## Prompt
Please return the listing exactly as written, but without its pictures.

## Given material
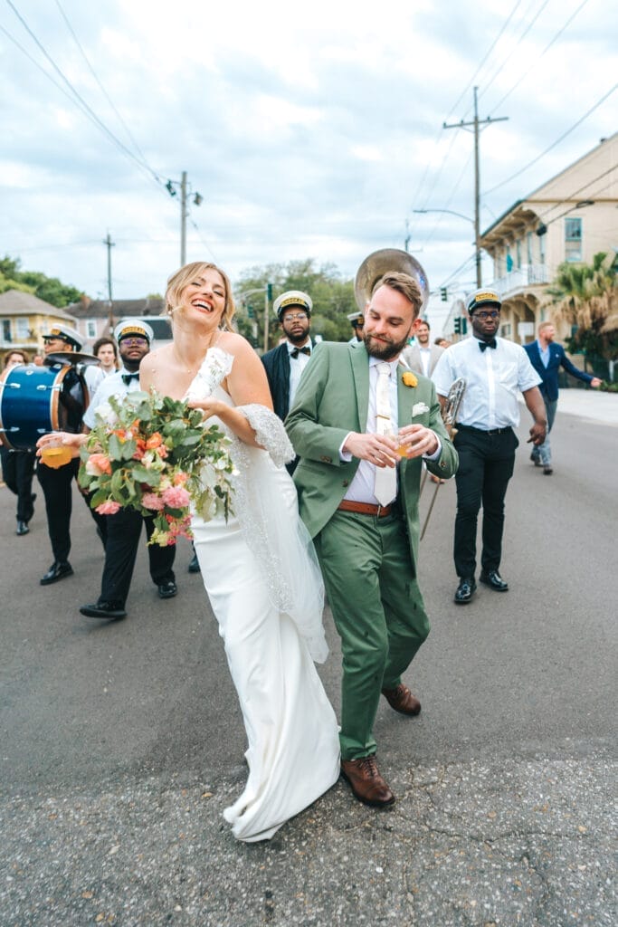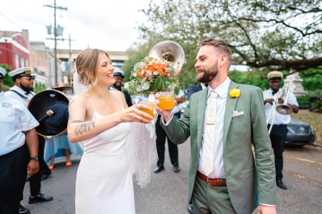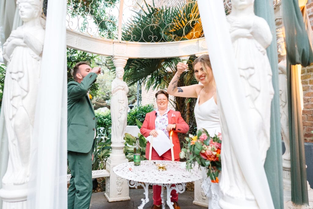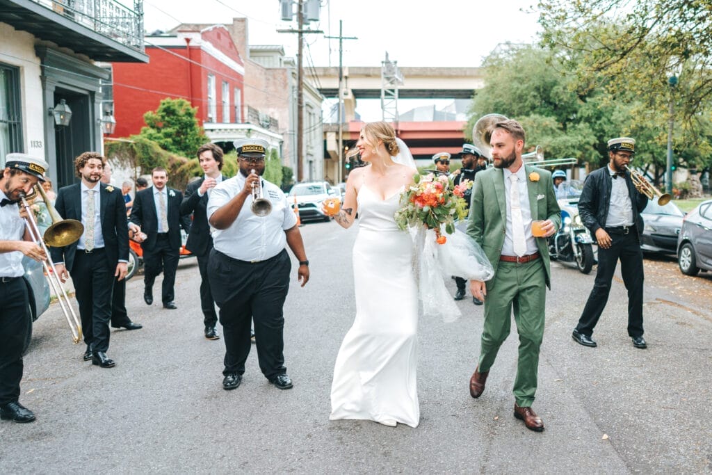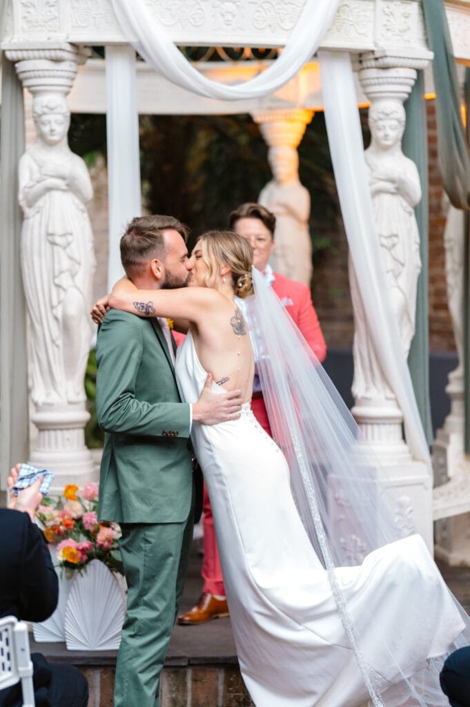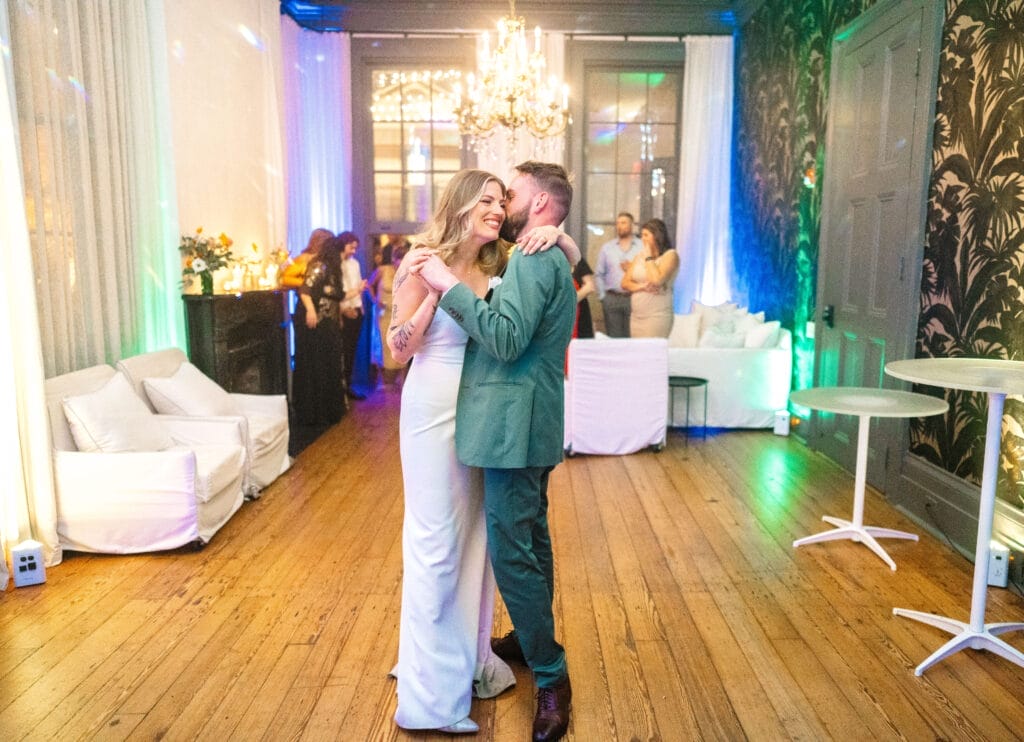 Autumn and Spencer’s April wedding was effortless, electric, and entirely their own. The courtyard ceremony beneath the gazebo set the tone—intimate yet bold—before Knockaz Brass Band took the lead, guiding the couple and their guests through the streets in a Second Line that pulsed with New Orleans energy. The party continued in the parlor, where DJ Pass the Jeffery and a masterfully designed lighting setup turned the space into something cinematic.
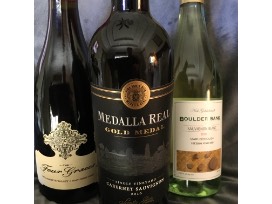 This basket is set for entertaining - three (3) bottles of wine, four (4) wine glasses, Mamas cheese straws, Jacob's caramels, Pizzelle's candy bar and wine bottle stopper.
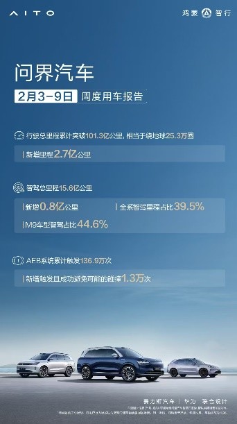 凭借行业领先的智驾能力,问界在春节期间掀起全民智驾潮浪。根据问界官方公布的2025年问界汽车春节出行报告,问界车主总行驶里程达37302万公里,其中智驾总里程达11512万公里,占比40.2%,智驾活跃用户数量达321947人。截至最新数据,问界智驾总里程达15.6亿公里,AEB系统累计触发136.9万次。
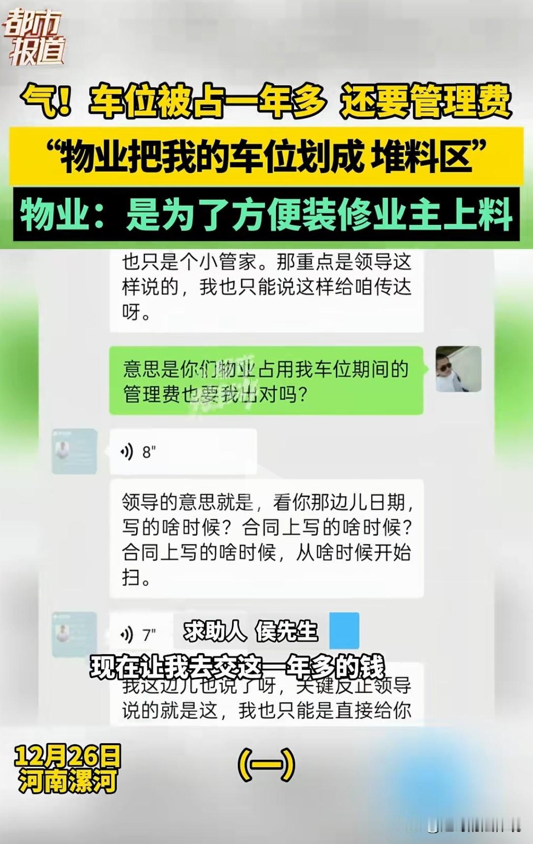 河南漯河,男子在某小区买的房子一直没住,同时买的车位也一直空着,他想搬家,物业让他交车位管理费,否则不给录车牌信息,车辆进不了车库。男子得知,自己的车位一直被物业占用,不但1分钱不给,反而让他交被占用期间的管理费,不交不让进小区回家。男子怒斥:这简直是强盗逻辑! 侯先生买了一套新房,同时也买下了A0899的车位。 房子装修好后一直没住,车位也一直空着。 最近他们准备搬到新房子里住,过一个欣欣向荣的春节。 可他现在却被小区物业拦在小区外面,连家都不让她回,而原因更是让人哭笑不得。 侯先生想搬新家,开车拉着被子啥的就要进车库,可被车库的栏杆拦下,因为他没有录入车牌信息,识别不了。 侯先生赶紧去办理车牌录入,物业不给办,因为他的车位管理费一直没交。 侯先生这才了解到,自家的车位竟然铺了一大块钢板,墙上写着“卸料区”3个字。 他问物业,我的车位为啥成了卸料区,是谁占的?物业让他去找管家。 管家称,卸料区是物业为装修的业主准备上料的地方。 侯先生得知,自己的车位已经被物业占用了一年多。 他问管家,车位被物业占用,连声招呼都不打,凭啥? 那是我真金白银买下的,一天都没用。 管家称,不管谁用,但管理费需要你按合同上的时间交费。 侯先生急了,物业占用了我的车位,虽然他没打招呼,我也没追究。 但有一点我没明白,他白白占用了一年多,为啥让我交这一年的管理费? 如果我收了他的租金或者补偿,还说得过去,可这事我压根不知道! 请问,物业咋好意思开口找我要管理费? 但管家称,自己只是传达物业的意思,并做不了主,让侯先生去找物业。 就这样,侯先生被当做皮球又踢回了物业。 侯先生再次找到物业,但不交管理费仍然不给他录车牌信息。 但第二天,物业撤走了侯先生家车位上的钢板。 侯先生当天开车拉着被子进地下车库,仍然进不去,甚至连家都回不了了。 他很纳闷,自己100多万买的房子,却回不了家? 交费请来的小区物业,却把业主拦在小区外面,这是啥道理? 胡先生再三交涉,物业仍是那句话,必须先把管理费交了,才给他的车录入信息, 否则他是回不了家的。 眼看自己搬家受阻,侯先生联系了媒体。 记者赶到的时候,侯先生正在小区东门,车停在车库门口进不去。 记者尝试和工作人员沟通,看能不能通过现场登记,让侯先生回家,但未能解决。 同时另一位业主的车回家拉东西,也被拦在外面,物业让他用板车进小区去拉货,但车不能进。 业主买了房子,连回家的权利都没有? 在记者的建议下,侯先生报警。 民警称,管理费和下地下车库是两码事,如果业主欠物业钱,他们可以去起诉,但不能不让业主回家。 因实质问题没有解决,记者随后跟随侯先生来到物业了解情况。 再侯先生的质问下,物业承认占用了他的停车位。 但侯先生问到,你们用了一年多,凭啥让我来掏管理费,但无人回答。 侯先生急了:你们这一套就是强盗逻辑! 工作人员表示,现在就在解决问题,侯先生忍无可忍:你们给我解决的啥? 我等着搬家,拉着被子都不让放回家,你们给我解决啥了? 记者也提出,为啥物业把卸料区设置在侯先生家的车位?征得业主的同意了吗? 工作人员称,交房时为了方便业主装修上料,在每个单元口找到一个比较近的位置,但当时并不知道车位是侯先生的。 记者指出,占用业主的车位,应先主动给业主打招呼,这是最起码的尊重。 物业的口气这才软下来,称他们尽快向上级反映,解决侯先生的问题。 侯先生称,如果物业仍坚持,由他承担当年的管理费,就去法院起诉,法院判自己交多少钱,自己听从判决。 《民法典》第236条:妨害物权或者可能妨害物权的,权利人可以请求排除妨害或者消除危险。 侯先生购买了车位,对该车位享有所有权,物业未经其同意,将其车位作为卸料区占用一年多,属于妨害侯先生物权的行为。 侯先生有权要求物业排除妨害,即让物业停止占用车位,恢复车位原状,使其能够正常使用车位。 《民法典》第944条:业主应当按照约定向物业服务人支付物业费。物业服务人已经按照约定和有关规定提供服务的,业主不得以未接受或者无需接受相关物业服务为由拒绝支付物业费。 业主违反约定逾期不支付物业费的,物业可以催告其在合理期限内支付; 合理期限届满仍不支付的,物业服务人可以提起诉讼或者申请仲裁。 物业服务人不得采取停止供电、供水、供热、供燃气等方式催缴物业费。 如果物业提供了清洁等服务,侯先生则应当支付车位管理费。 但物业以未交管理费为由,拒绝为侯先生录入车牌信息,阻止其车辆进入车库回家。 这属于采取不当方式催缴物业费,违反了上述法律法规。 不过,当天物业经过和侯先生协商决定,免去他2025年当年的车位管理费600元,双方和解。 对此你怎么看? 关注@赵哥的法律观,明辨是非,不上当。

## Written response
 Autumn and Spencer’s April wedding was effortless, electric, and entirely their own. The courtyard ceremony beneath the gazebo set the tone—intimate yet bold—before Knockaz Brass Band took the lead, guiding the couple and their guests through the streets in a Second Line that pulsed with New Orleans energy. The party continued in the parlor, where DJ Pass the Jeffery and a masterfully designed lighting setup turned the space into something cinematic.
 This basket is set for entertaining - three (3) bottles of wine, four (4) wine glasses, Mamas cheese straws, Jacob's caramels, Pizzelle's candy bar and wine bottle stopper.
 凭借行业领先的智驾能力,问界在春节期间掀起全民智驾潮浪。根据问界官方公布的2025年问界汽车春节出行报告,问界车主总行驶里程达37302万公里,其中智驾总里程达11512万公里,占比40.2%,智驾活跃用户数量达321947人。截至最新数据,问界智驾总里程达15.6亿公里,AEB系统累计触发136.9万次。
 河南漯河,男子在某小区买的房子一直没住,同时买的车位也一直空着,他想搬家,物业让他交车位管理费,否则不给录车牌信息,车辆进不了车库。男子得知,自己的车位一直被物业占用,不但1分钱不给,反而让他交被占用期间的管理费,不交不让进小区回家。男子怒斥:这简直是强盗逻辑! 侯先生买了一套新房,同时也买下了A0899的车位。 房子装修好后一直没住,车位也一直空着。 最近他们准备搬到新房子里住,过一个欣欣向荣的春节。 可他现在却被小区物业拦在小区外面,连家都不让她回,而原因更是让人哭笑不得。 侯先生想搬新家,开车拉着被子啥的就要进车库,可被车库的栏杆拦下,因为他没有录入车牌信息,识别不了。 侯先生赶紧去办理车牌录入,物业不给办,因为他的车位管理费一直没交。 侯先生这才了解到,自家的车位竟然铺了一大块钢板,墙上写着“卸料区”3个字。 他问物业,我的车位为啥成了卸料区,是谁占的?物业让他去找管家。 管家称,卸料区是物业为装修的业主准备上料的地方。 侯先生得知,自己的车位已经被物业占用了一年多。 他问管家,车位被物业占用,连声招呼都不打,凭啥? 那是我真金白银买下的,一天都没用。 管家称,不管谁用,但管理费需要你按合同上的时间交费。 侯先生急了,物业占用了我的车位,虽然他没打招呼,我也没追究。 但有一点我没明白,他白白占用了一年多,为啥让我交这一年的管理费? 如果我收了他的租金或者补偿,还说得过去,可这事我压根不知道! 请问,物业咋好意思开口找我要管理费? 但管家称,自己只是传达物业的意思,并做不了主,让侯先生去找物业。 就这样,侯先生被当做皮球又踢回了物业。 侯先生再次找到物业,但不交管理费仍然不给他录车牌信息。 但第二天,物业撤走了侯先生家车位上的钢板。 侯先生当天开车拉着被子进地下车库,仍然进不去,甚至连家都回不了了。 他很纳闷,自己100多万买的房子,却回不了家? 交费请来的小区物业,却把业主拦在小区外面,这是啥道理? 胡先生再三交涉,物业仍是那句话,必须先把管理费交了,才给他的车录入信息, 否则他是回不了家的。 眼看自己搬家受阻,侯先生联系了媒体。 记者赶到的时候,侯先生正在小区东门,车停在车库门口进不去。 记者尝试和工作人员沟通,看能不能通过现场登记,让侯先生回家,但未能解决。 同时另一位业主的车回家拉东西,也被拦在外面,物业让他用板车进小区去拉货,但车不能进。 业主买了房子,连回家的权利都没有? 在记者的建议下,侯先生报警。 民警称,管理费和下地下车库是两码事,如果业主欠物业钱,他们可以去起诉,但不能不让业主回家。 因实质问题没有解决,记者随后跟随侯先生来到物业了解情况。 再侯先生的质问下,物业承认占用了他的停车位。 但侯先生问到,你们用了一年多,凭啥让我来掏管理费,但无人回答。 侯先生急了:你们这一套就是强盗逻辑! 工作人员表示,现在就在解决问题,侯先生忍无可忍:你们给我解决的啥? 我等着搬家,拉着被子都不让放回家,你们给我解决啥了? 记者也提出,为啥物业把卸料区设置在侯先生家的车位?征得业主的同意了吗? 工作人员称,交房时为了方便业主装修上料,在每个单元口找到一个比较近的位置,但当时并不知道车位是侯先生的。 记者指出,占用业主的车位,应先主动给业主打招呼,这是最起码的尊重。 物业的口气这才软下来,称他们尽快向上级反映,解决侯先生的问题。 侯先生称,如果物业仍坚持,由他承担当年的管理费,就去法院起诉,法院判自己交多少钱,自己听从判决。 《民法典》第236条:妨害物权或者可能妨害物权的,权利人可以请求排除妨害或者消除危险。 侯先生购买了车位,对该车位享有所有权,物业未经其同意,将其车位作为卸料区占用一年多,属于妨害侯先生物权的行为。 侯先生有权要求物业排除妨害,即让物业停止占用车位,恢复车位原状,使其能够正常使用车位。 《民法典》第944条:业主应当按照约定向物业服务人支付物业费。物业服务人已经按照约定和有关规定提供服务的,业主不得以未接受或者无需接受相关物业服务为由拒绝支付物业费。 业主违反约定逾期不支付物业费的,物业可以催告其在合理期限内支付; 合理期限届满仍不支付的,物业服务人可以提起诉讼或者申请仲裁。 物业服务人不得采取停止供电、供水、供热、供燃气等方式催缴物业费。 如果物业提供了清洁等服务,侯先生则应当支付车位管理费。 但物业以未交管理费为由,拒绝为侯先生录入车牌信息,阻止其车辆进入车库回家。 这属于采取不当方式催缴物业费,违反了上述法律法规。 不过,当天物业经过和侯先生协商决定,免去他2025年当年的车位管理费600元,双方和解。 对此你怎么看? 关注@赵哥的法律观,明辨是非,不上当。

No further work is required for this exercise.